▶ _Work to be completed_
This calls for a verbatim copy of all the data, with no images carried over.

▶ _The data_

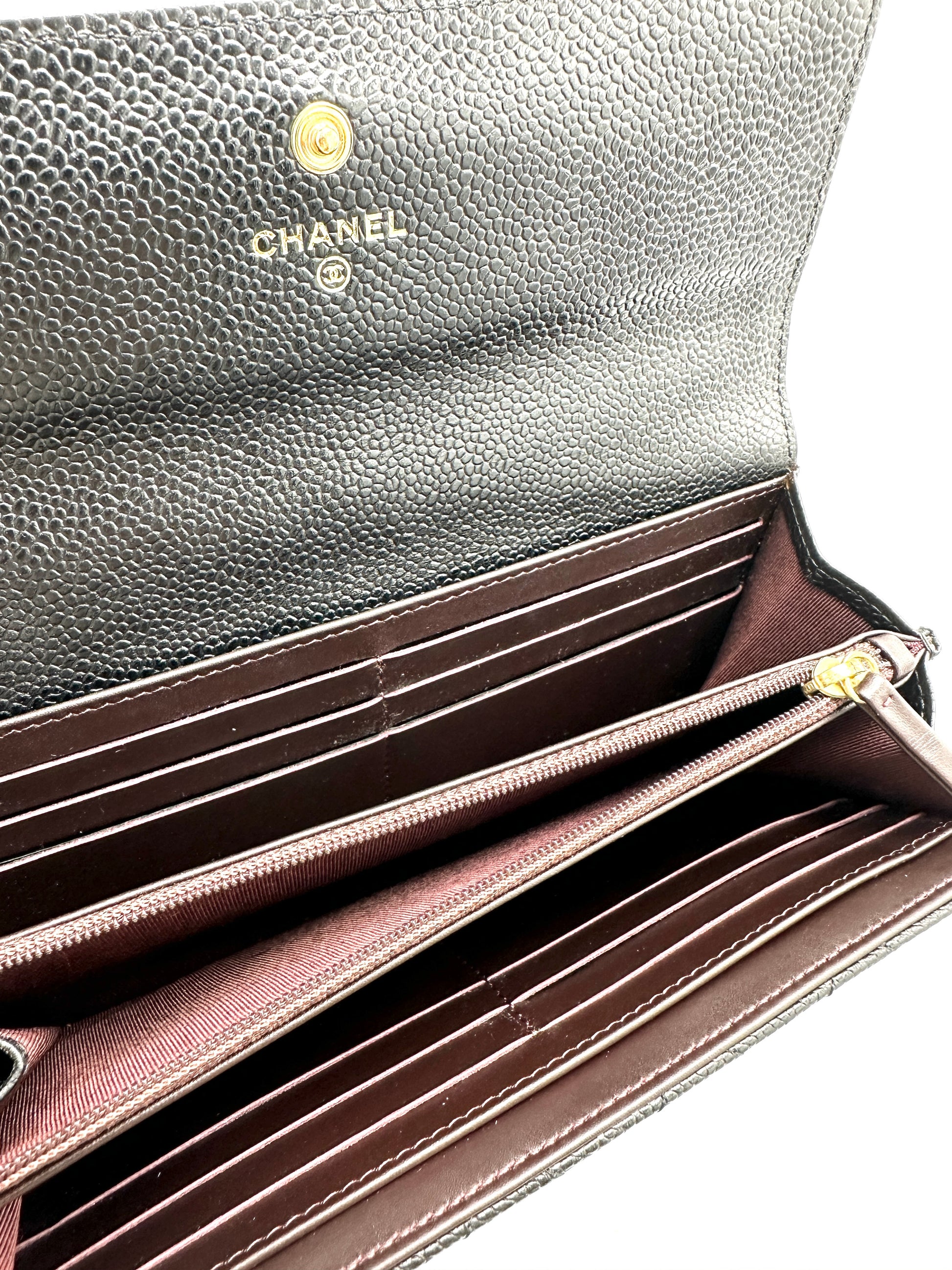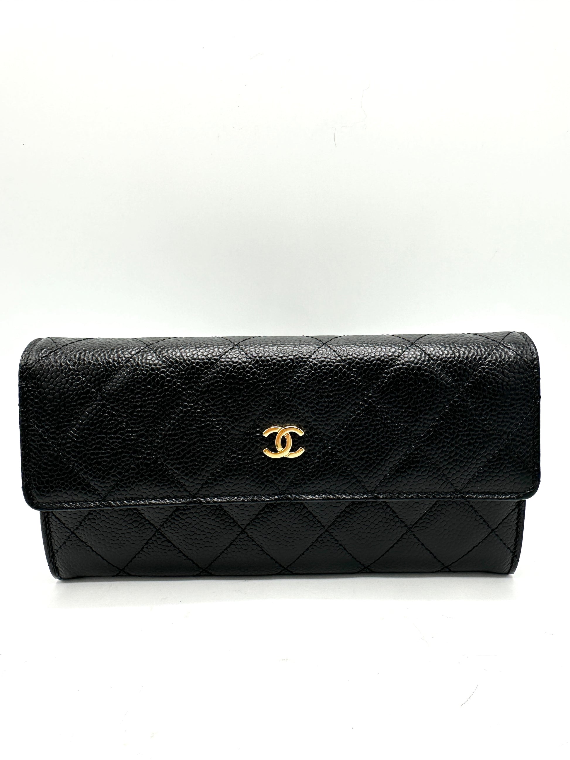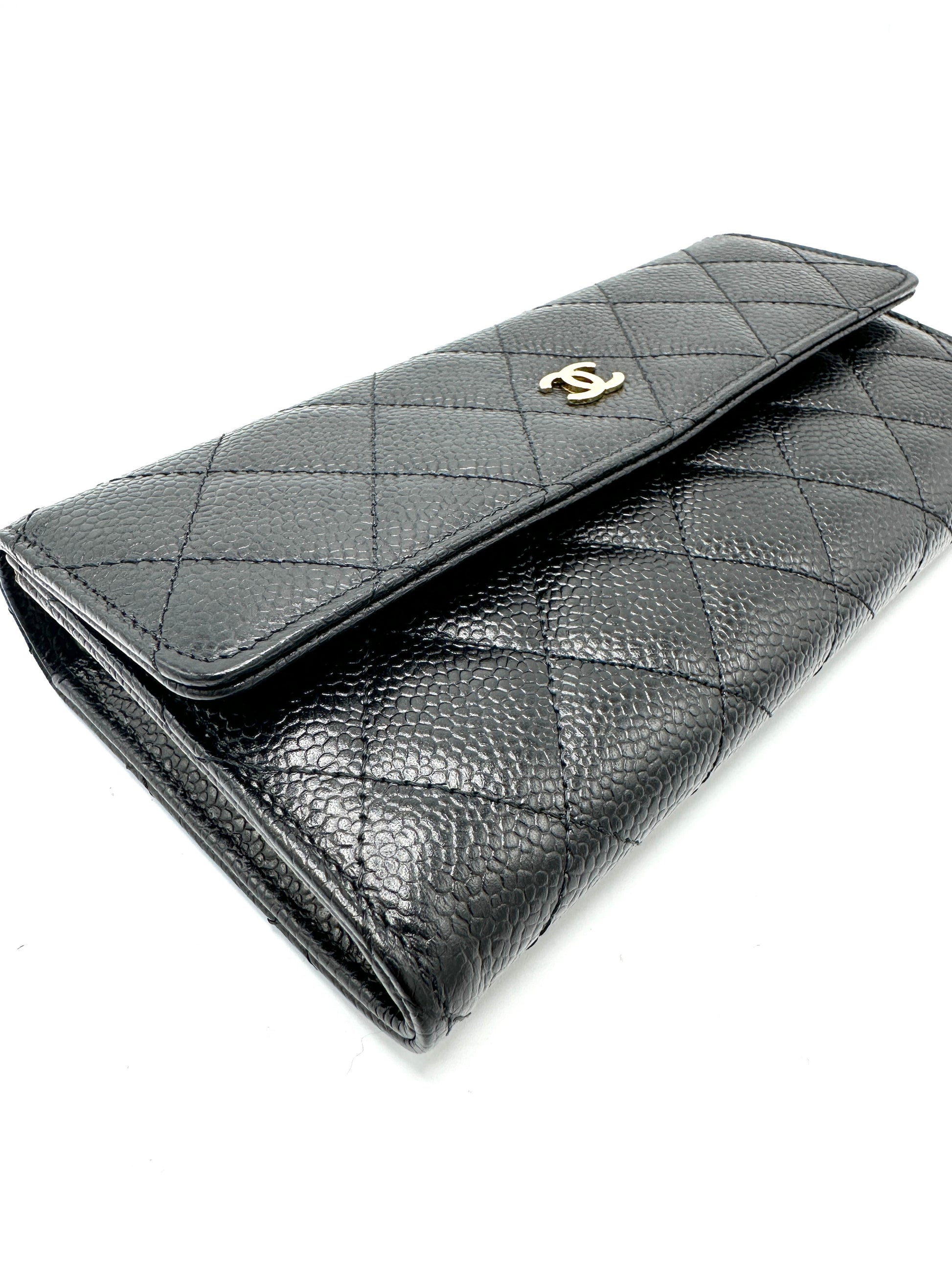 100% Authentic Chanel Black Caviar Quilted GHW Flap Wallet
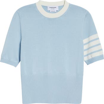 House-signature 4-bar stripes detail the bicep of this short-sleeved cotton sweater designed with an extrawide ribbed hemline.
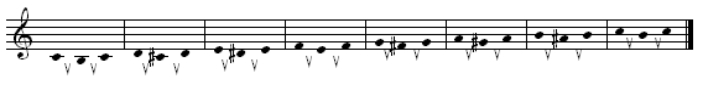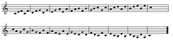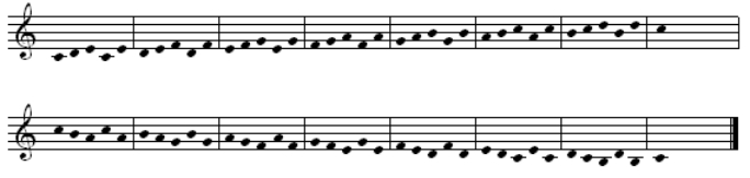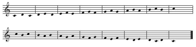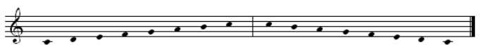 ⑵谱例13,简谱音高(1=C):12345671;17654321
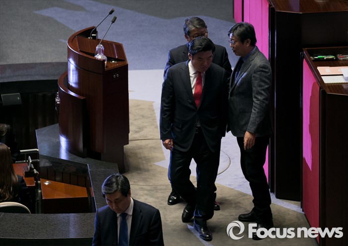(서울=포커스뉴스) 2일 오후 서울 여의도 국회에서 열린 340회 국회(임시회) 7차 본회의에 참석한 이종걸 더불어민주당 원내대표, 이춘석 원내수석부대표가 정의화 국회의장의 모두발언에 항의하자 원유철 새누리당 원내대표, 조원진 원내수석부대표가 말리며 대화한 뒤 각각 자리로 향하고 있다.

▶ _Answer box_
 100% Authentic Chanel Black Caviar Quilted GHW Flap Wallet
 House-signature 4-bar stripes detail the bicep of this short-sleeved cotton sweater designed with an extrawide ribbed hemline.
 ⑵谱例13,简谱音高(1=C):12345671;17654321
(서울=포커스뉴스) 2일 오후 서울 여의도 국회에서 열린 340회 국회(임시회) 7차 본회의에 참석한 이종걸 더불어민주당 원내대표, 이춘석 원내수석부대표가 정의화 국회의장의 모두발언에 항의하자 원유철 새누리당 원내대표, 조원진 원내수석부대표가 말리며 대화한 뒤 각각 자리로 향하고 있다.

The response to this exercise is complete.